Input data:
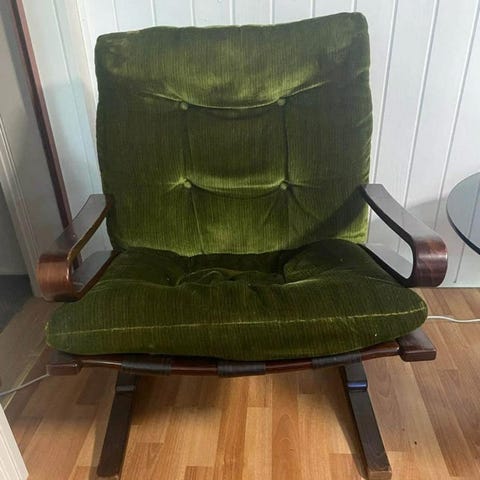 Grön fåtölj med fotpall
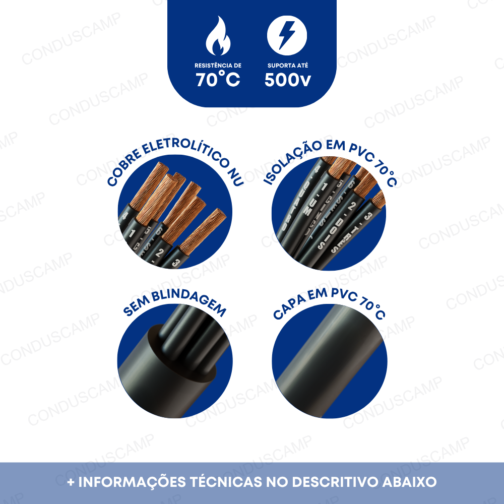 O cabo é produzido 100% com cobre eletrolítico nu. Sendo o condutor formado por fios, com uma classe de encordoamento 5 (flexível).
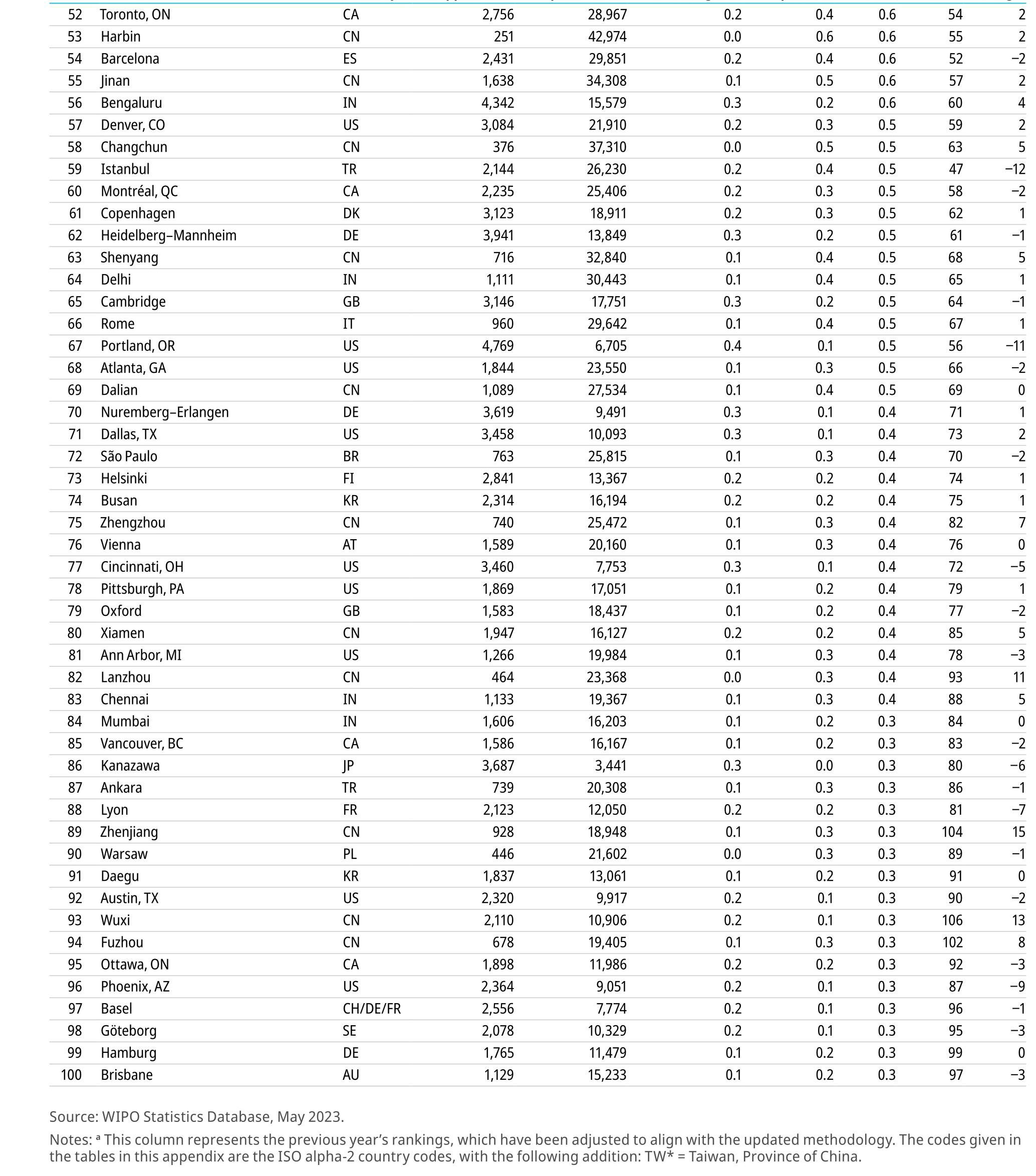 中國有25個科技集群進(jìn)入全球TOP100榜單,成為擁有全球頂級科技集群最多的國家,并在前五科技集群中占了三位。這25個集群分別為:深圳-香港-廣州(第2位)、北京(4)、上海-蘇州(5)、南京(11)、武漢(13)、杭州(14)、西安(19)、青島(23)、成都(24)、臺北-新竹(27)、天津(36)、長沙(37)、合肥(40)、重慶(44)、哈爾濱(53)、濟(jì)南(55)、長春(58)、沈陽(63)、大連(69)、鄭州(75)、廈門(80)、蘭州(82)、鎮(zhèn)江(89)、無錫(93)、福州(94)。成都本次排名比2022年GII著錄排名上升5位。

Your objective:
Reproduce all the data as it stands. The pictures are not part of the copy.

Reply to the task:
 Grön fåtölj med fotpall
 O cabo é produzido 100% com cobre eletrolítico nu. Sendo o condutor formado por fios, com uma classe de encordoamento 5 (flexível).
 中國有25個科技集群進(jìn)入全球TOP100榜單,成為擁有全球頂級科技集群最多的國家,并在前五科技集群中占了三位。這25個集群分別為:深圳-香港-廣州(第2位)、北京(4)、上海-蘇州(5)、南京(11)、武漢(13)、杭州(14)、西安(19)、青島(23)、成都(24)、臺北-新竹(27)、天津(36)、長沙(37)、合肥(40)、重慶(44)、哈爾濱(53)、濟(jì)南(55)、長春(58)、沈陽(63)、大連(69)、鄭州(75)、廈門(80)、蘭州(82)、鎮(zhèn)江(89)、無錫(93)、福州(94)。成都本次排名比2022年GII著錄排名上升5位。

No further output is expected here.